Newer array firmware versions use different severity strings for event log entries. The Nagios plugin has been adapted to be able to cope with these.
Due to a limitation in the array firmware, event log entries available via SNMP are not cleared when the corresponding event log entries are cleared via RAIDWatch or SANWatch. They are only cleared during a controller reboot. A support case with Infortrend confirmed this and it is currently under investigation whether this feature could be added for future releases of the array firmware.

In the meantime a workaround to address this behaviour has been added to the Nagios plugin. In order to not constantly get alarms about already addressed events, the date of the event will now – along with the already used severity of the event – be taken into consideration. By default only events within the past 60 minutes will be evaluated. The extent of time to look into the past can be overridden from the default with the new “-t <minutes>” command line option of the Nagios plugin. E.g. “-t 120” will evaluate events within the past 2 hours.

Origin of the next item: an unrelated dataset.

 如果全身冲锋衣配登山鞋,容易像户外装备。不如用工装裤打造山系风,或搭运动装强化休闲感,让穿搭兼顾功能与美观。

You might need to adjust the definition of the check_infortrend_events command to suite your environment, e.g.:
```
# check Infortrend ESDS cache status
define command {
    command_name    check_infortrend_events
    command_line    $USER1$/check_infortrend.sh -H $HOSTNAME$ -C events -t <minutes>
}
```
There are several pitfalls here though:
- Make sure the timeframe aligns with your Nagios configuration options max_check_attempts, normal_check_interval and retry_check_interval to actually allow non-normal events to trigger an alarm. Generally speaking, the cumulated timeframe of the three Nagios configuration options of your Check_IFT_Events service check must be smaller than the timeframe given in the definition of the check_infortrend_events command.
- Make sure you set the date and time on the array to the correct values or preferably use a SNTP server. Also, make sure the Nagios server and the array use the same timezone, preferably UTC in both cases.

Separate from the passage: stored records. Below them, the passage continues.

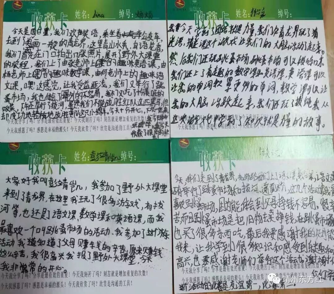 一张张小小的收获卡写满满宝贝们今天一天的收获
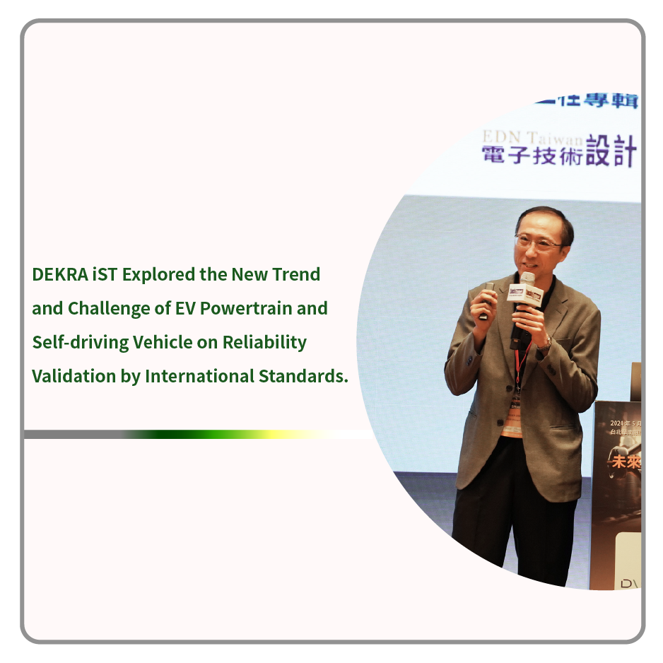 5月30日DEKRA iST德凱宜特受邀參加EETimes於華南銀行國際會議中心所舉辦的「未來車發展技術國際論壇」,高功率工程部陳旺助處長與現場聽眾分享「電動車與自駕車對應國際規範時,可靠度驗證的新趨勢與挑戰」。除了分享汽車產業上的技術發展、逐步點出汽車電子通用的國際規範ISO 16750改版內容的差異處,並與聽眾分享在車規測試上,客戶端經常遇到的問題以及DEKRA iST德凱宜特如何有效地解決測試驗證上各種瓶頸。
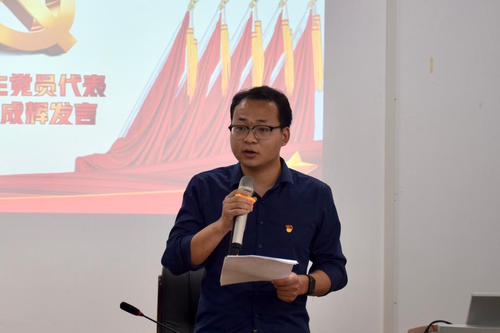 BEATS“优秀共产党员”荣誉称号获得者、2019级公共管理专业研究生罗成辉作为党员代表发言。他结合自身成长经历,分享了“如何成为一名共产党员”“怎样做一名合格共产党员”的思考与体会,鼓励新党员努力学习、锤炼本领,以实干书写人生、用奋斗镌刻荣光。
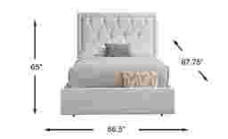 The quiet luxury that lingers like the afterglow of a glamorous night out emanates from the Elridge II collection as its luminous detailing shapes a space for elevated living. Fully upholstered in a soft gray fabric, this contemporary bed features a headboard with deep diamond tufting framed by a golden nailhead trim for a refined, modern edge. Clean lines and a low-profile silhouette keep the look fresh and sophisticated, while built-in storage at the footboard offers a convenient place to tuck away extra linens, pillows, or seasonal essentials. Mattress and foundation (if required) sold separately. Upholstery: 100% polyester.
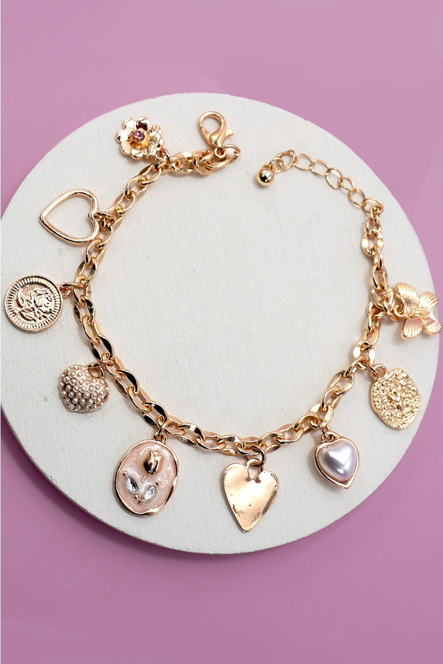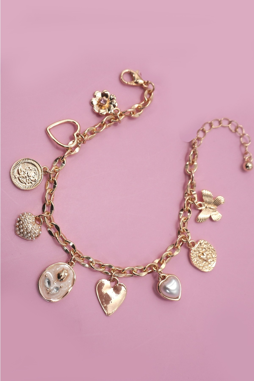 Gold Heart & Rhinestone Charm Bracelet
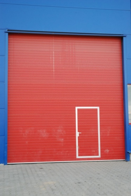 Usi de garaj sectionale industriale cu usa pietonala cu prag lat.
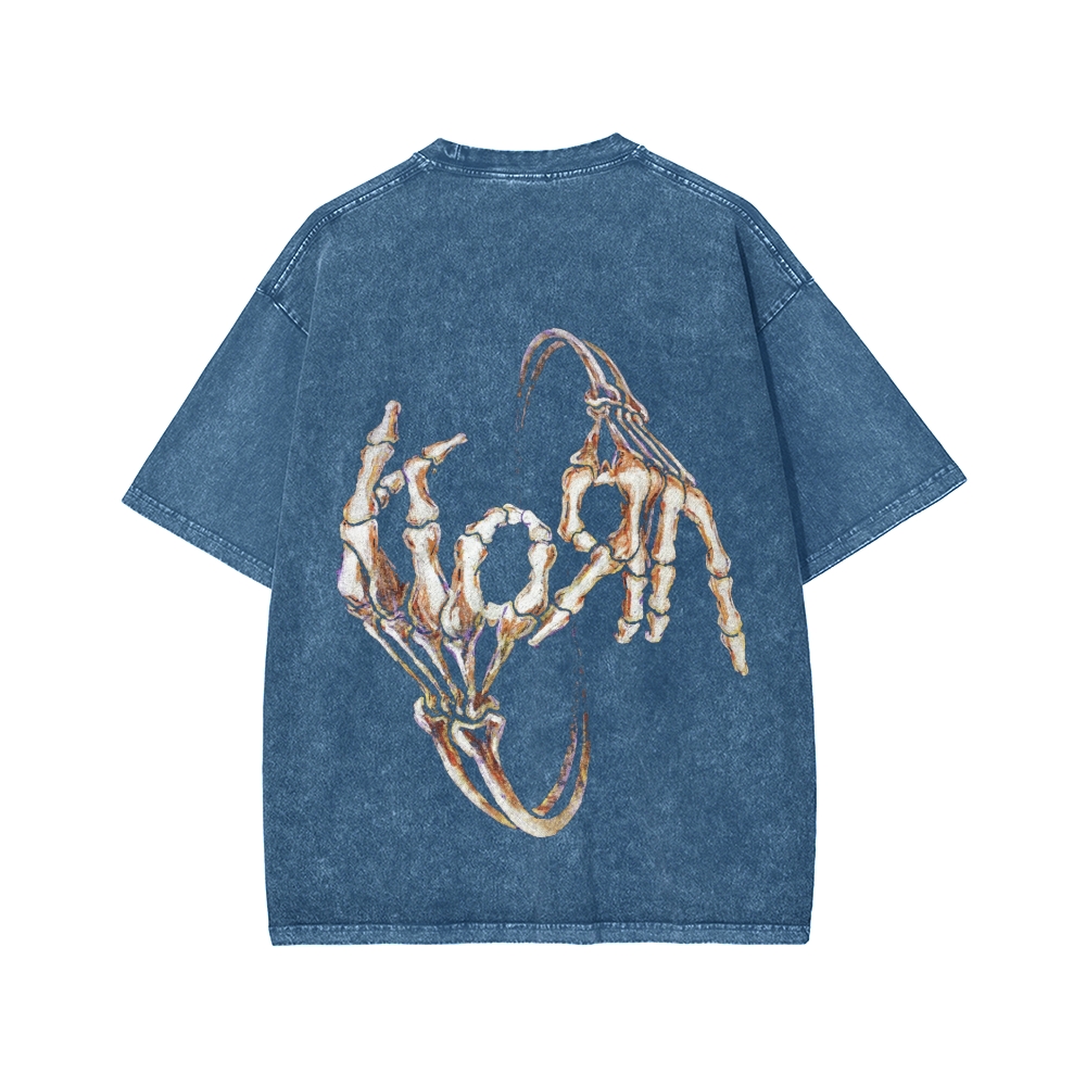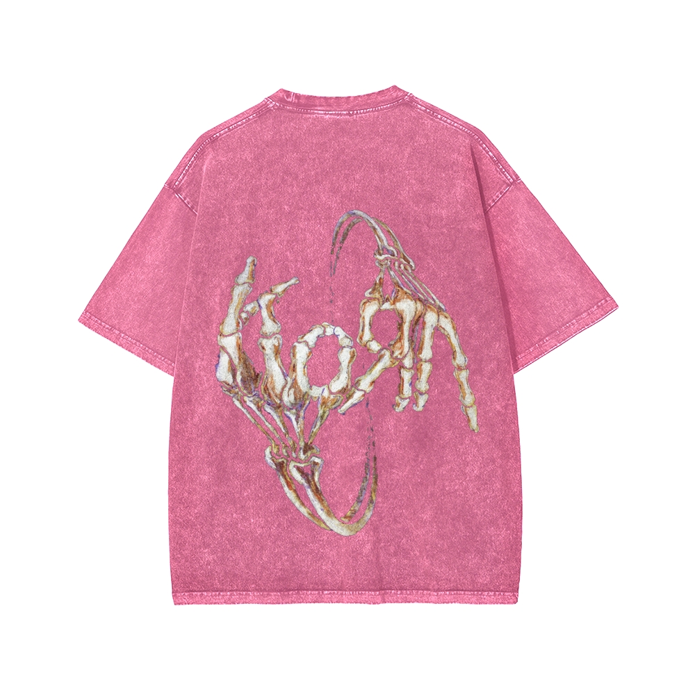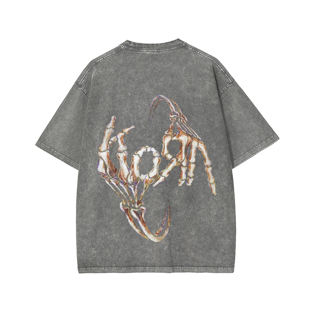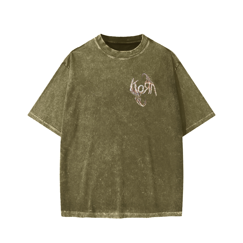 Tokyo-Assassin Skeleton Fingers KORN Front And Back Printing Washed T-shirt

Not exactly an issue with the Nagios plugin per se, but related to the monitoring of Infortrend storage arrays in general, is an adapted SNMPTT configuration. Since all SNMP traps generated from events of Infortrend arrays are indiscriminately reported with the same OID, a bit more extensive parsing of the SNMP traps needs to occur. In order to achieve this, the following entries should be used in the snmptt.conf.infortrend SNMPTT configuration file:

/opt/snmptt/conf/snmptt.conf.infortrend

EVENT iftEventText .1.3.6.1.4.1.1714.0.1 "Status Events" Critical
FORMAT The description of the event $*
MATCH $*: ( \[Alert Condition\])
MATCH $*: ( \[Critical\])
MATCH $*: ( \[Critical Error\])
MATCH $*: ( \[Error\])
SDESC
The description of the event
Variables:
EDESC
 
EVENT iftEventText .1.3.6.1.4.1.1714.0.1 "Status Events" Warning
FORMAT The description of the event $*
MATCH $*: ( \[Warning Condition\])
MATCH $*: ( \[Warning\])
SDESC
The description of the event
Variables:
EDESC
 
EVENT iftEventText .1.3.6.1.4.1.1714.0.1 "Status Events" Normal
FORMAT The description of the event $*
MATCH $*: ( \[Information\])
MATCH $*: ( \[Notification\])
SDESC
The description of the event
Variables:
EDESC

and the SNMPTT daemon should be restarted.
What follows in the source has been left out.